▸ **Exercise instructions**:
Would you write out the listing verbatim and skip every picture in it?

▸ **Given material**:
++++
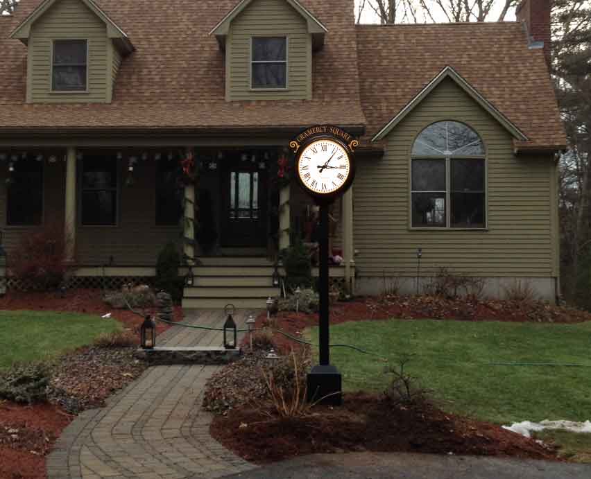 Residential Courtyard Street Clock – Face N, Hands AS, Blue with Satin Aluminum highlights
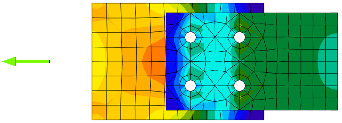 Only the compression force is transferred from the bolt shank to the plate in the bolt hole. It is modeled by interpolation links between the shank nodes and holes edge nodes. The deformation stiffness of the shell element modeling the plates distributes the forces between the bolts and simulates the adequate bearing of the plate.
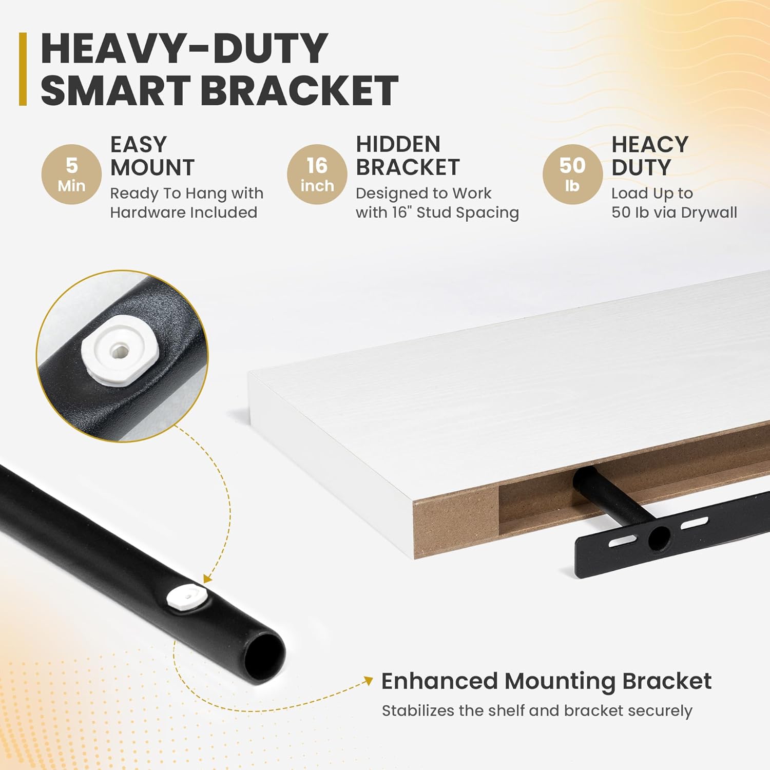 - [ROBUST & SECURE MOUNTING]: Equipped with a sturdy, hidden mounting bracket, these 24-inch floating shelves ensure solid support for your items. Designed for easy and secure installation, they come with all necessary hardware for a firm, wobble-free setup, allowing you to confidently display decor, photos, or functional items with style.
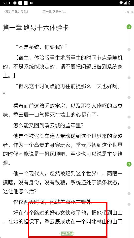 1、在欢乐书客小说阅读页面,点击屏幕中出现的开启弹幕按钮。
++++
▸ **Final answer**:
 Residential Courtyard Street Clock – Face N, Hands AS, Blue with Satin Aluminum highlights
 Only the compression force is transferred from the bolt shank to the plate in the bolt hole. It is modeled by interpolation links between the shank nodes and holes edge nodes. The deformation stiffness of the shell element modeling the plates distributes the forces between the bolts and simulates the adequate bearing of the plate.
 - [ROBUST & SECURE MOUNTING]: Equipped with a sturdy, hidden mounting bracket, these 24-inch floating shelves ensure solid support for your items. Designed for easy and secure installation, they come with all necessary hardware for a firm, wobble-free setup, allowing you to confidently display decor, photos, or functional items with style.
 1、在欢乐书客小说阅读页面,点击屏幕中出现的开启弹幕按钮。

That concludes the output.